Жизни вокруг и впрямь никакой — лишь изредка услышишь крик птицы; еще реже увидишь, как скользнет одна на фоне наклонной снежной плоскости. Камни, камни, камни, на которые местами накапано зеленым и рыжим лишайником и между которых попадаются вдруг крошечные белые цветочки. Курлыкает безостановочно под сурдинку незаметный почти ручей.
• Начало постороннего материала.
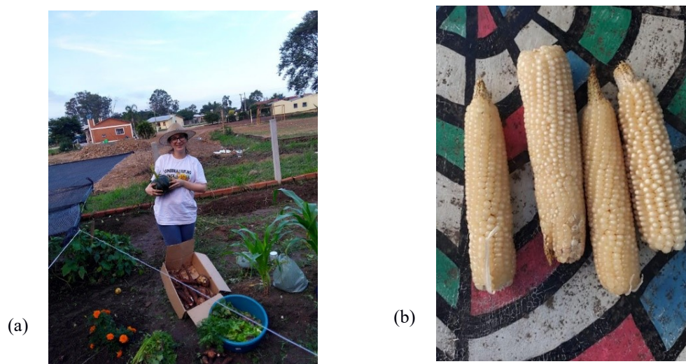
Figura 5 - Horta da Escola Estadual de Ensino Médio Ruy Barbosa, Novo Cabrais – RS. a) Colheita de hortaliças para a merenda na escola. b) Colheita do milho pipoca

Desde a primeira colheita, a produção da horta é utilizada na alimentação dos alunos, professores e funcionários da escola (Figura 5).

Ближе к станции среди камней ржавеет металлом, топорщит ребра секция паровой батареи. Коричневые скалы над головой напоминают столпившихся группками людей. Выше — ослепительная островерхая груда Казбека, обычно, впрочем, замазанная облаками. Они же, облака, почти все время скрывают и зеленые склоны далеко внизу — там, куда сползает змеящийся трещинами, грязно-белый, в серых и коричневых разводах ледник, — и встающую по другую сторону долины отвесную горную стену, за которой уже Чечня. Они, облака, как дым, всползают вверх по каменно-снежным, с тяжелыми ледяными складками откосам, они скатываются с них, как призрачная лавина; их, облаков, быстрые тени фантомной рекой струятся вниз по леднику.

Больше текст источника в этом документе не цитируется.